Enfonçons des épées dans la chatte des écolières (ou l’épineux problème de la liberté d’expression dans le rap et la potentielle rédemption d’Orelsan). 

Pardonnez ce titre racoleur, mais, voyez-vous j’ai été INITIALEMENT très choqué qu’une institution médiatisée comme les Victoires de la musique encourage en le récompensant un Artiste empêtré dans l’apologie du viol et des violences envers les femmes. Bien sûr, le rap est un art, et la liberté d’expression est sacrée ; néanmoins, le vieux schnock que je suis ne peut s’empêcher de se poser certaines questions relatives aux limites autorisées dans le domaine artistique.

Le rappeur Orelsan a chanté « Mais ferme ta gueule ou tu vas te faire marie-trintigner » (Saint-Valentin, 2006) ou « T’es juste bonne à te faire péter le rectum, … On verra comment tu fais la belle avec une jambe cassée / On verra comment tu suces quand j’te déboiterai la mâchoire / T’es juste une truie tu mérites ta place à l’abattoir … J’rêve de la pénétrer pour lui déchirer l’abdomen … J’vais te mettre en cloque (sale pute) / Et t’avorter à l’Opinel™ » (Sale pute, 2009). Il est récompensé entre autres par la Victoire du meilleur clip dans lequel il semble annoncer d’emblée le respect qu’il voue à son audience « Parce que vous êtes trop cons ! » (Basique, 2017). Je me demande parfois si je suis trop largué ou si j’ai glissé dans un univers parallèle.

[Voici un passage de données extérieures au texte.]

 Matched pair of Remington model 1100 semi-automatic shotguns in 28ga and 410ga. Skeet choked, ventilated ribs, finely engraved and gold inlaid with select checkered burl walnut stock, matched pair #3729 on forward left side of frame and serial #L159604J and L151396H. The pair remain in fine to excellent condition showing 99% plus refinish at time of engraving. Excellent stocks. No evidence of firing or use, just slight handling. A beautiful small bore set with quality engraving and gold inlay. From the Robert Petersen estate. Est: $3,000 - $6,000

Je comprends que des dizaines de milliers de voix s’élèvent, signent des pétitions et demandent au Ministre de la Culture l’annulation ou la restitution de ces trois Victoires de la musique, durement gagnées à la sueur de la vulgarité. Eh Papy, tu jures comme un Russe saoul quand tu te coupes avec une enveloppe, et tu parles de vulgarité ?

Orelsan aurait été cité hors contexte. Il a été condamné par la justice. Il a fait son buzz et il l’a payé. Il s’est excusé, enfin presque (« J’ai dit que je m’excusais si la chanson avait pu choquer plusieurs personnes qu’ont pas voulu la voir ; et qu’est-ce qu’ils ont titré dans les journaux ? « Orelsan s’excuse » … or je ne me suis pas excusé d’avoir fait cette chanson ». 2012).

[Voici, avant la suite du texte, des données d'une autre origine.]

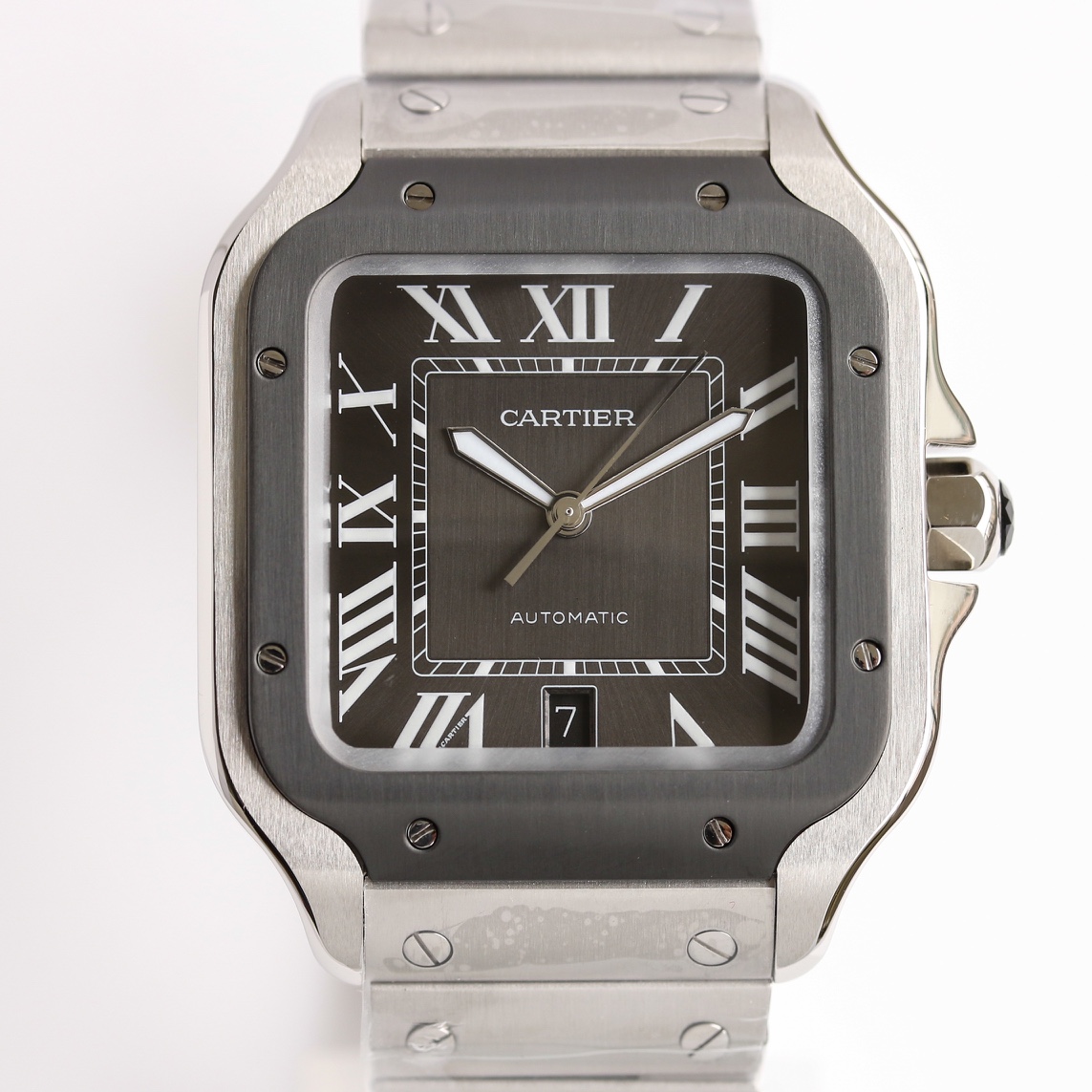Cartier Santos 39.8mm Dark Gray Dial Steel Bezel Steel Strap WSSA0015

Quand le Pape annonce à ses fans que le préservatif aggrave le problème du SIDA (Monde réel, 2009), peut-on objectivement évaluer dans l’Afrique sub-saharienne, par exemple, le nombre de morts causées directement ou indirectement par de tels propos ? Bien sûr que non ! Car lui aussi « aurait été cité hors contexte™ » !

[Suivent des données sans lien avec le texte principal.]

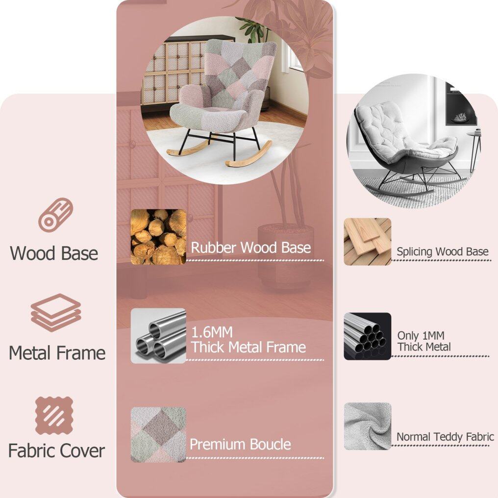Comfy Upholstered Seat: Experience ultimate comfort with this rocking chair, which is filled with elastic sponge and covered in premium boucle fabric. The upholstery promotes breathability and provides a plush seating experience. And the side pocket brings more convenience to you.

Le message des tireurs de ficelles des Victoires de la musique semble donc concerner le pardon et la rédemption. Pourquoi pas ? Le temps aidant, pourquoi ne pas pardonner à ceux qui incitent directement ou non à des comportements dangereux, à la haine, aux violences, voire à l’extermination des Juifs, pendant qu’on y est ? Pourquoi ne pas réhabiliter Adolf Amadeus Hitler ? Sa suggestion de tuer des millions de Juifs est toujours mal perçue par la vaste majorité bien-pensante contemporaine. Et heureusement d’ailleurs, sinon, cela signifierait que l’Histoire enseigne que l’Histoire n’enseigne rien. Mais les faits remontent au millénaire précédent. D’ailleurs, même si au sens figuré feu Hitler a du sang sur les mains, en a-t-il vraiment eu au sens propre ? Si cela se trouve, non, à l’instar de Charles Manson. Il a fait des suggestions ou donné des ordres, OK. Mais c’est surtout la manière dont ses paroles ont été interprétées qui cause problème, exactement comme pour les paroles de certaines chansons. L’oncle Adolf a-t-il jamais craché sur un Juif ou sur le petit Jésus ou tout autre Juif crucifié ? Avons-nous seulement des preuves ? Pareil pour Staline et son désir de purification d’un entourage politique subjectivement problématique. Ses posters de propagande n’inclinent pas à penser qu’il soit si méchant que ça. D’ailleurs, ne purgeons-nous pas nous aussi nos radiateurs de temps en temps ? Que celui qui n’a jamais purgé son chat lui jette le premier vermifuge. Quant à Pol Pot, il est aisé d’imaginer qu’au moins un journaliste subjectif l’aura cité hors contexte. Et comme le dit si bien l’avocat de Marc Dutroux, une punition n’a de sens que si elle a une fin.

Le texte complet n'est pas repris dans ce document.